Sparkle Street Press

The New York Times, 08 April 1960 – Book of the Times

When Augustine went home to his native village of Rivisondoli after eight years’ hard labor in a railroad yard in Cleveland, he intended to stay there. He had saved his money, had never looked at a woman and had lived largely on beans and lentils. But somehow he couldn’t tell his old friends and neighbors the whole truth about life in America and what he did tell them made them all doubly anxious to go there at once. Augustine’s orphan nephew, Fabrizze, was the most anxious of all! And so, almost without Augustine understanding how it came about, he found himself back again in the seething Italian district a few blocks from the railroad yard and even swinging the same shovel with his initials on it in the same gang. But there was n important difference. Fabrizze was there, too, and there never was anybody in Cleveland like Fabrizze, the engaging here of Raymond DeCapite’s engaging first novel, “The Coming of Fabrizze.”

Raymond DeCapite, whose father and grandparents were born in Italy, was born and reared in Cleveland and lives there now. In “The Coming of Fabrizze” he has written a modern folk tale so filled with love, laughter and the joy of life that it out to persuade anybody that any Clevelander not a member of that city’s Italian colony was sadly underprivileged. To miss such bubbling gaiety, such delight in food, drink, kindness and spontaneous friendship!

Way of the Lighthearted

Reading these merry pages is something like eating a dinner of the very best spaghetti and meat sauce with plenty of Chianti and a string orchestra near by playing “Santa Lucia.”

To his Uncle Augustine’s surprise Fabrizze turned out to be a natural leader and an organizer with a golden touch. In no time at all he was a section foreman in the yard and soon afterward an acting supervisor. He opened a store selling imported Italian foods. He made wine in his basement and sold it for more money than he earned working for the railroad.

Fabrizze wrote and read letters for others and sent money home to help old friends come to Cleveland to find husbands, wives and jobs. He himself was a great catch, but he avoided the girls paraded before him until he met and married Mary Mendone, whose every movement was like a dance. Kind, high-spirited and gregarious beyond the understanding of any Anglo-Saxon, Fabrizze was a great man and a hero.

Does it all seem to idyllic—these joyful immigrants singing, dancing, drinking and loving without a shadow of unemployment, poverty or grief? Not really, because this is not a realistic, documentary novel. It is a fairy story of innocence and euphoria in an Eden named Cleveland without even a serpent in the garden. Mr. DeCapite’s characters are real enough and deftly portrayed. Their escapades are pleasantly humorous. But Mr. DeCapite does not contend that life in Cleveland during the Nineteen Twenties was every exactly like this. His purpose is only to please and to provide and appropriate ending that endows his story with something of the nature of a parable.

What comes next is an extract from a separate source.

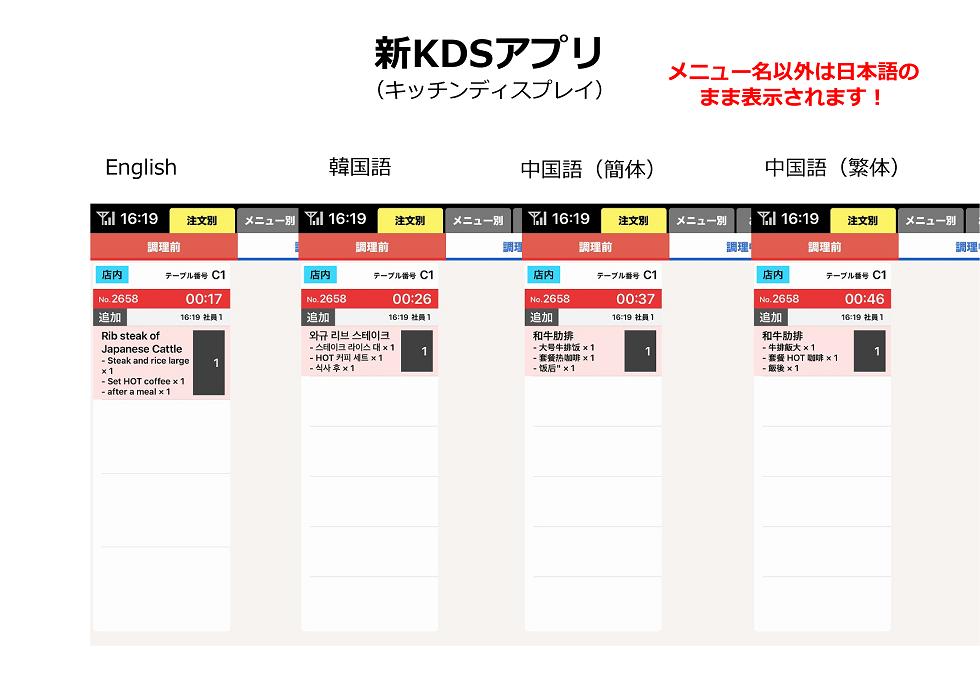 【新KDS(キッチンディスプレイ)アプリの場合】

This comes when Fabrizze and his friends discover the wonders of the stock market, so much more exciting than any sort of gambling previously known to them. They never did understand the character of paper profits, but as theirs mounted their fever rose also and became mania. And so there was a serpent in the garden after all, a serpent named reckless irresponsibility. Fabrizze and his friends were too childish and ignorant to be meanly greedy. They were just enthralled by the most marvelous of America’s many marvels. Who wouldn’t pick up diamonds in the street or take advantage of so easy a way of getting rich?

Spoken by Soothsayers

Mr. DeCapite extends his cheerful story only a little way past the fatal stock market crash and so concludes it on a properly moral and edifying note. To explore further into the dark days of the depression would not be in keeping with the fanciful tale he has to tell.

The old man was talking “I went out for a walk,” said Bassetti. “The trees were fresh in the wind. The warmth of the sun reached into my bones. I saw a smile here and there among the neighbors. Children were playing. And then I heard music. It was Igino playing the harmonica. They say it’s a song of love.”

“Beauty on every side,” said Fabrizze.

“And trouble enough into the bargain,” said Mendone.

“I came here,” said Bassetti. “It was enough to make an old man suspicious. And so I came looking for Mendone.”

“I was sleeping,” said Mendone. “I was trying to recover from the day before.”

“I used to ask for things,” said Bassetti. “I asked for this and that and the other. And now? Now I ask for life.”